5.   STOCKHOLDERS' EQUITY (DEFICIT)

     In January 1999, the Company sold 1,496,347 shares of Series C preferred
stock at $9.04 per share for proceeds of $13,527,000.

     On May 4, 1999, the Company completed an initial public offering of
3,000,000 shares of common stock. In addition, on June 4, 1999, the Company sold
an additional 200,000 shares under the underwriters' overallotment option. Total
net proceeds were $73 million. During 1999, prior to and in anticipation of the
initial public offering, warrants for 167,747 shares of Series C preferred Stock
were exercised for total proceeds of $1,009,000. Upon the closing of the initial
public offering, Flycast's mandatorily redeemable preferred stock converted into
8.4 million shares of common stock.

     On August 30, 1999, Flycast acquired InterStep, Inc. by issuing 480,337
shares of common stock for all of the outstanding shares of InterStep, Inc. in
transaction that was accounted for as a pooling-of-interests. As a result,
InterStep became a wholly owned subsidiary of Flycast. For purposes of financial
statement presentation, historical financial information for InterStep has been
consolidated into the statements presented herein.

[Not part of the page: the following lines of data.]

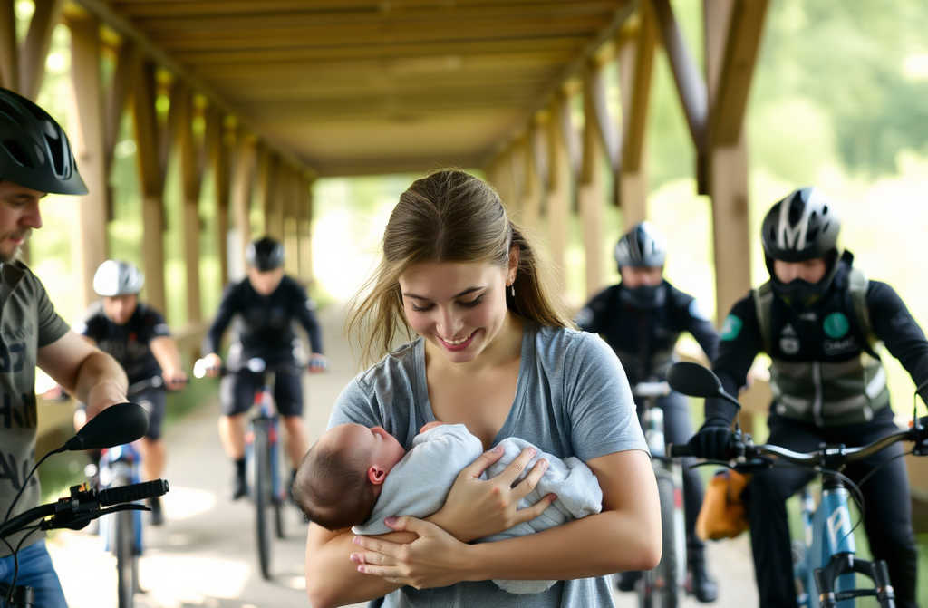 “Je hebt hier bevallen?” Een andere motorrijder, oudere man, misschien zestig, stapte naar voren. “In een ziekenhuis?”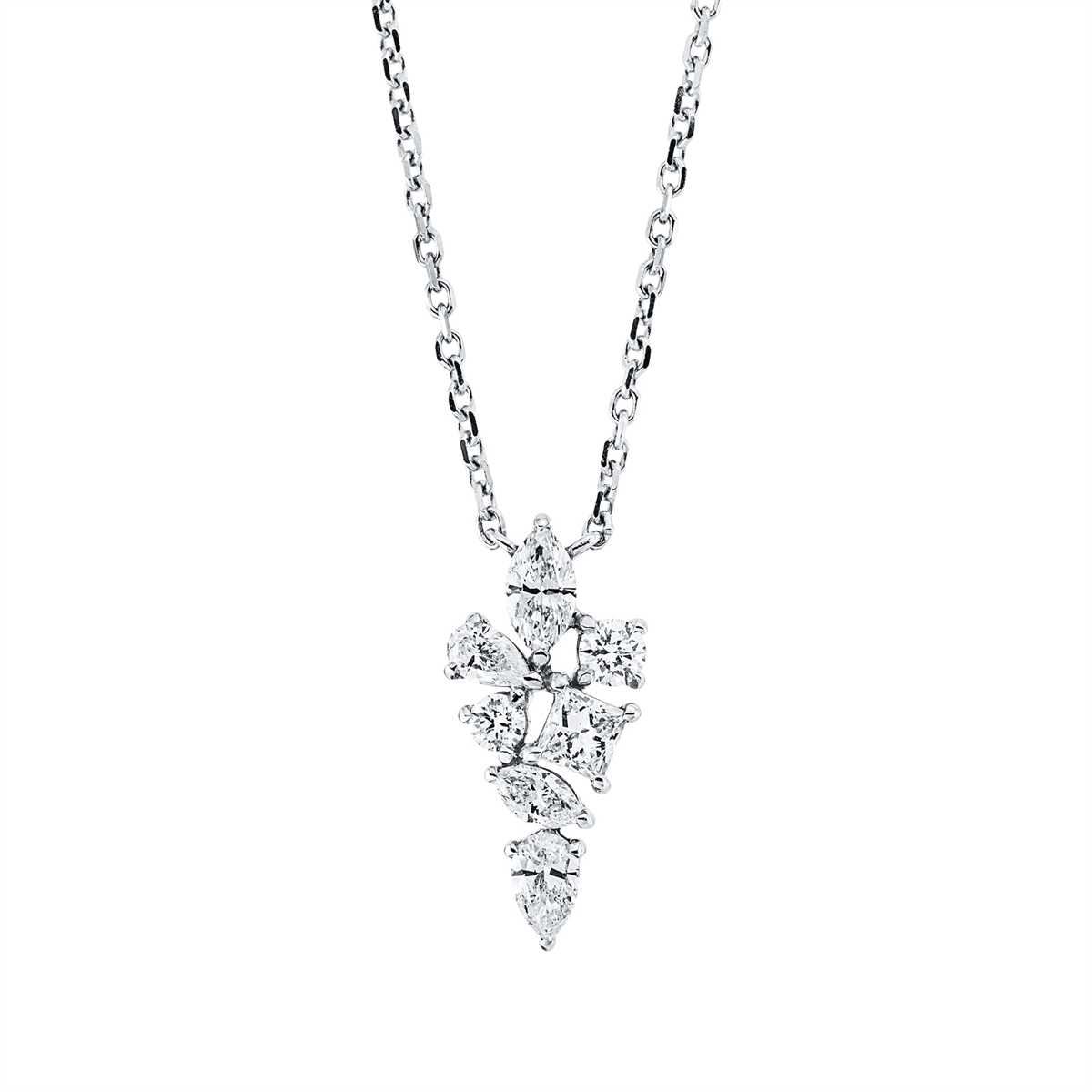 Collier 18 kt WG, mit ZÖ 40 cm + 43 cm, 2 Navette 0,16 ct, TW-si, 1 Princ. 0,09 ct, TW-si, 2 Tropfen 0,13 ct, TW-si, 2 Brillanten 0,08 ct, TW-si, L:45,0 cm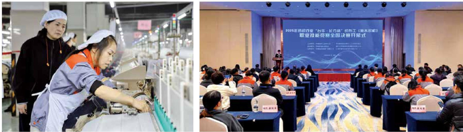 全国决赛开幕式现场。 11月25—27日,2025年纺织行业“台华·长方杯”织布工(喷水织机)职业技能竞赛全国决赛在浙江台华举办,共有来自江苏、浙江、安徽、福建、江西、山东、河南、湖北、四川、贵州10省的59名选手,经过激烈角逐,决赛出总成绩前六名和机下打结单项奖前三名。 中国纺织工业联合会副会长端小平,中国长丝织造协会会长王加毅,董事、总裁沈卫锋,常熟纺织机械厂有限公司销售总监陈立新等领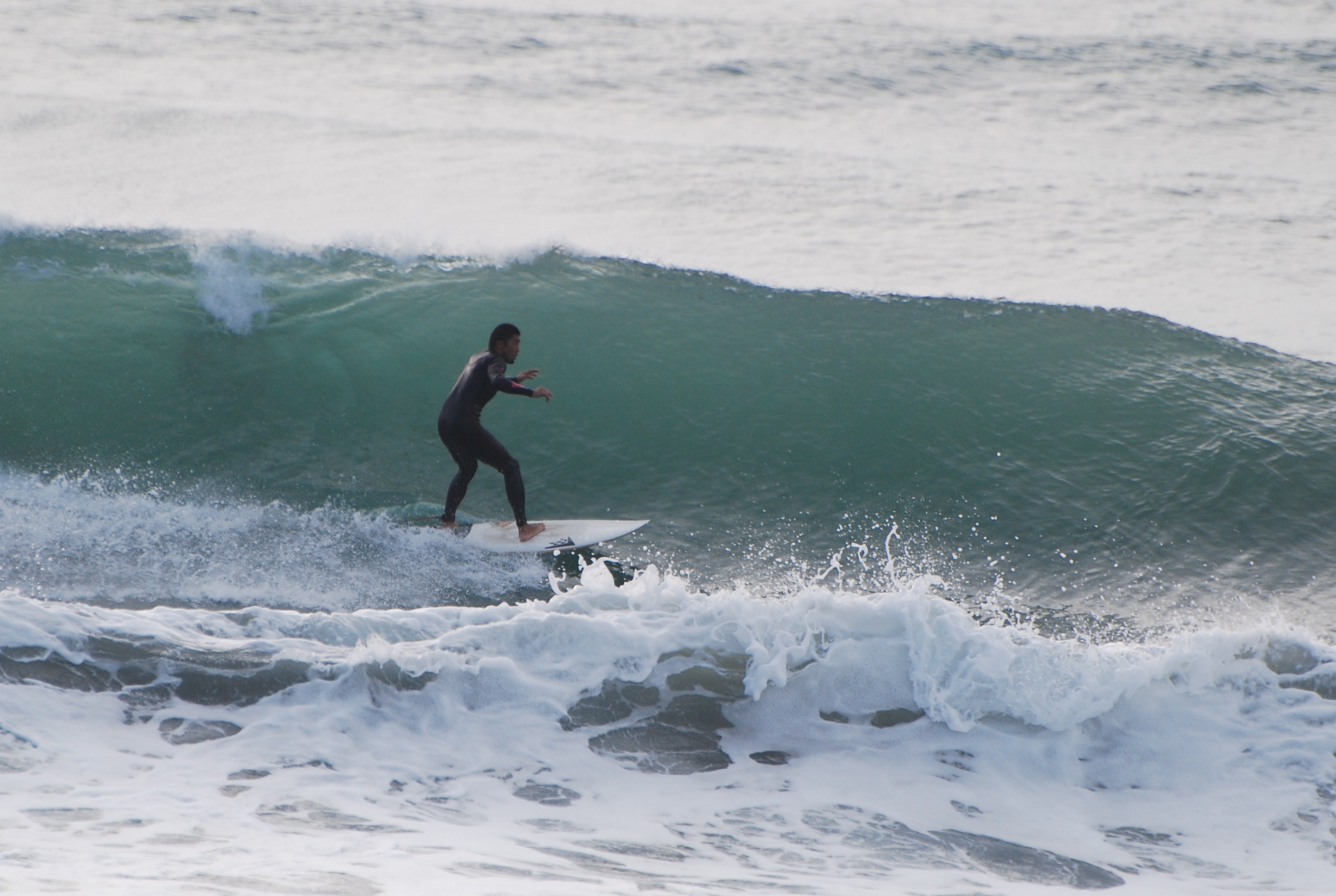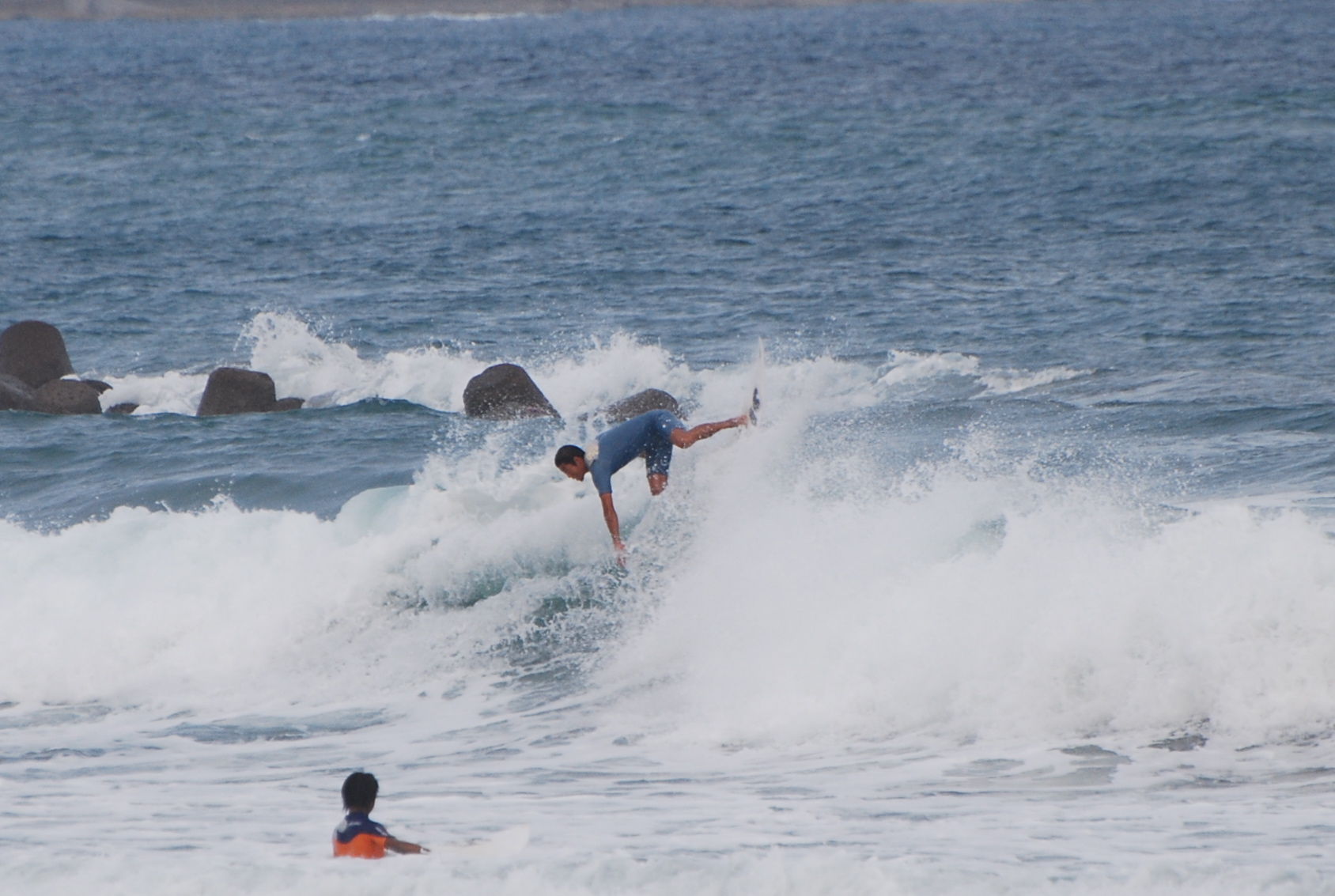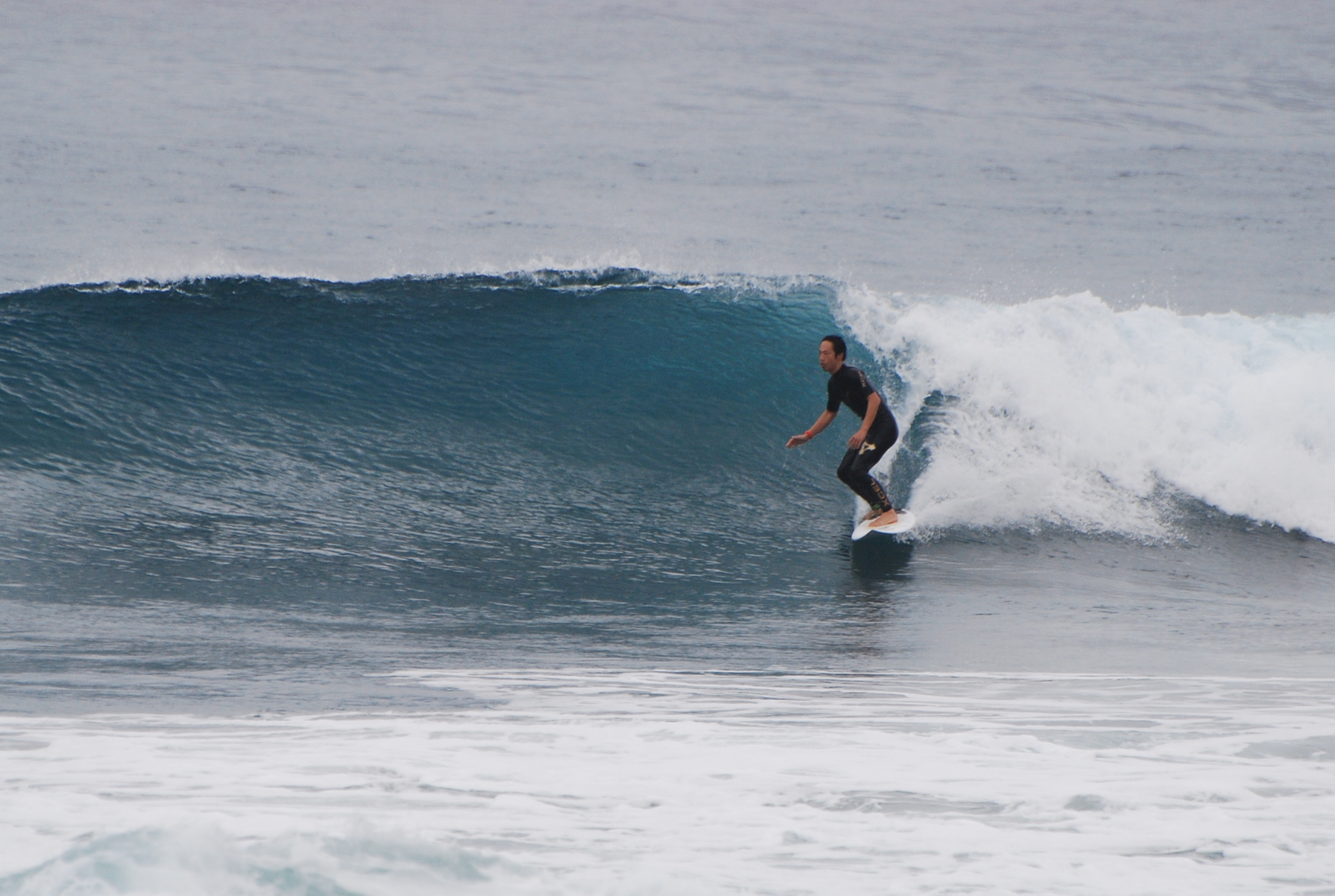 朝イチは風の影響も弱くクリーンなコンディションとなっていましたが日中は東〜北東の風が入りややバンピーな波に。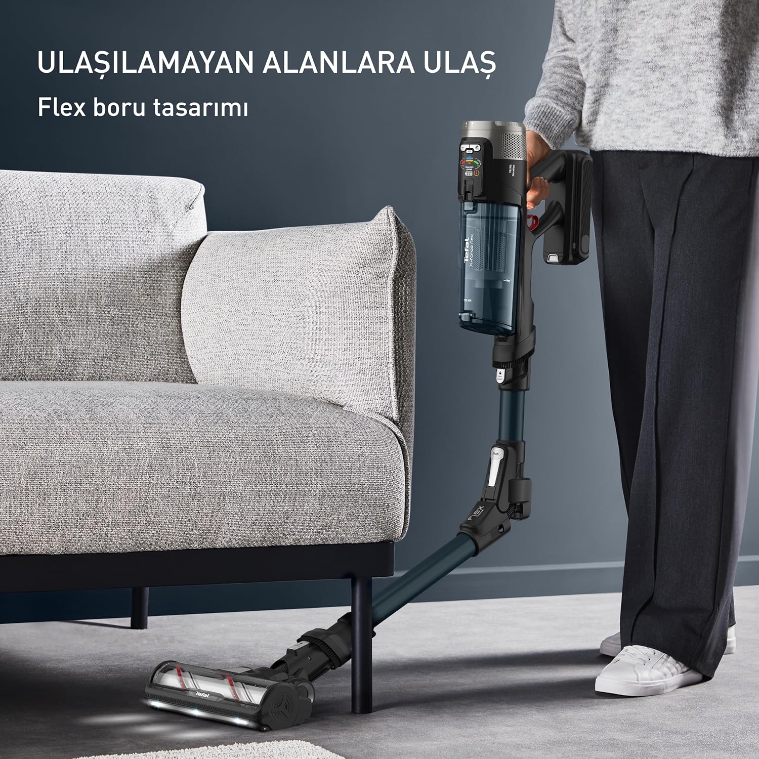 Esnek boru tasarımı, düşük aydınlatmalı alanlarda tozu takip etmek adına LED barlar sayesinde eğilmeden her yerde tam temizlik için mobilyaların derinliklerine ulaşır.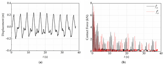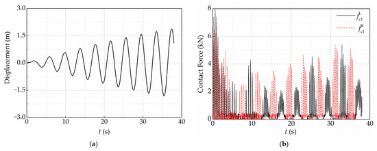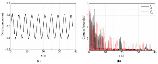 Figure 9, Figure 10 and Figure 11 present the time histories of the traction rope midpoint displacement and the contact between the upper guide shoe and the guide rail when the car is stationed at the bottom, middle and top floors, respectively. As illustrated in the figures, resonance of the traction rope occurs prominently when the car is at the bottom floor, where the rope length is greatest and its fundamental frequency closely matches the building’s excitation frequency. As the car ascends, the rope length decreases, leading to a rapid reduction in the rope’s vibration amplitude. Notably, during the initial vibration phase, the contact force between the guide shoe and the guide rail is relatively high due to the lag of the car response relative to the rail response, but it decreases rapidly as the system enters the steady-state stage. Moreover, the amplitude of the guide shoe–guide rail contact force in steady-state is significantly higher when the car is at the bottom floor compared with the other two positions, and the contact force increases in proportion to the rope’s vibration amplitude. These findings indicate that the traction rope vibrations exert a significant influence on the dynamic response of the elevator car system.

     On September 30, 1999, the Company announced the signing of a definitive
agreement to be acquired by CMGI, Inc. in a stock-for-stock merger. Under the
terms of the agreement, CMGI will issue 0.9476 CMGI shares for every Flycast
share held on the closing date of the transaction. The transaction closed in
January 2000. The Company incurred approximately $25 million in expenses as a
result of the acquisition of which approximately $2.0 million was expensed in
1999 and the balance will be recorded in 2000 when the merger becomes final.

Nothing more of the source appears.